1st Síndic d'Aran
- In office 17 June 1991 – 12 July 1993
- Preceded by: José Calbetó Giménez President of the comarcal council
- Succeeded by: Amparo Serrano Iglesias

Member of the Parliament of Catalonia for Lleida
- In office 17 May 1984 – 21 January 1992

Personal details
- Born: 23 March 1937 Les, Val d'Aran, Spain
- Died: 13 November 2016 (aged 79) Barcelona, Catalonia, Spain
- Political party: Aranese Democratic Convergence
- Awards: Cross of Saint George (2017)

= Maria Pilar Busquets =

Spanish Aranese politician and writer

Maria Pilar Busquets i Medan (Maria Pilar Busquets e Medan; 23 March 1937 – 13 November 2016) was a Spanish Aranese politician and writer, 1st Síndic d'Aran ("Head of the Government of the Valley") between 1991 and 1993.

==Career==
Busquets worked in the hotel sector. She was the Gold Flower at the Floral Games of the Escola deras Pirenèos of Gascony and in the literary and poetry contest of the Ethnological Museum of the Aran Valley. She was a member of the Official Commission for Linguistic Normalization of Aranès, a founding member of the Es Tersús Neighborhood Association of the Vall d'Aran and head of culture from 1977 to 1980; she was president of the Association Pro Defense of the Trans-Pyrenean Axis by the Natural Step of the Valley of Aran.
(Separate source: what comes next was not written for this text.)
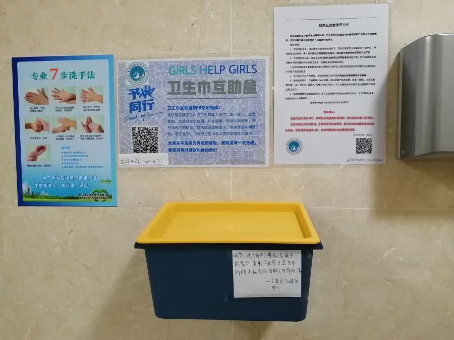 在校内举行卫生巾互助盒公益活动是由华东政法、中国政法学生首发,随即多所高校学生自发参与,就是在为校内月经造访时未携带月经产品的女性应急使用,提供便利此活动旨在为国内面临月经贫困的贫困地区或贫困未成年女性送去卫生巾,月经知识和性教育。为帮助女性度过有尊严的经期,使女性在特殊时期也能做自我,我系在公教楼女厕安置互助盒,受到许多学生的良好的反响,该活动采取取一放一的方式,仅供应急使用,使互助盒容量得到保证,在一定程度上方便了同学们的生活,让这场善意的传递、爱的留存和维护得到支持。

She collaborated in the document presented to the deputies who formed the Statute of Autonomy of Catalonia of 1979 to include a recognition of the differential identity of Val d'Aran.

Following the recovery of the historic medieval Val d'Aran Self-Government Institution, the Conselh Generau d'Aran, with the passing of Law 16/1990, of June 13, on 26 May 1991 won the first elections with the Aranese Coalition-Convergence and Union (CA-CiU), integrated by Aranese Democratic Convergence, of which Pilar Busquet were part, and Aranesa Democratic Union.

She was sworn in as Síndic d'Aran on 17 June 1991 until 12 July 1993, when the coalition was broken up and her colleague Amparo Serrano Iglesias, from UDA, filed a censorship motion with the support of Unity of Aran and Pilar Busquet resigned. She was also Member of the Parliament of Catalonia representing the Province of Lleida by CiU in the 1984 and 1988 elections in Catalonia, where she became the first deputy to speak Aranese language in the chamber and worked thoroughly on the paper that elaborated and defended the bill of special regime of Val d'Aran.

==Family==
She was the mother of Jusèp Boya, Director General of Heritage of the Generalitat de Catalunya since 2016, of Quique Boya, who died in 2014, and of Mireia Boya, a member of the CUP for Lleida in the Parliament of Catalonia between 2016 and 2017 and candidate to Síndic d'Aran in 2019 elections

==Recognition==
The Government of the Generalitat of Catalonia, granted her by the hands of President Carles Puigdemont posthumously the Creu de Sant Jordi on 11 April 2017.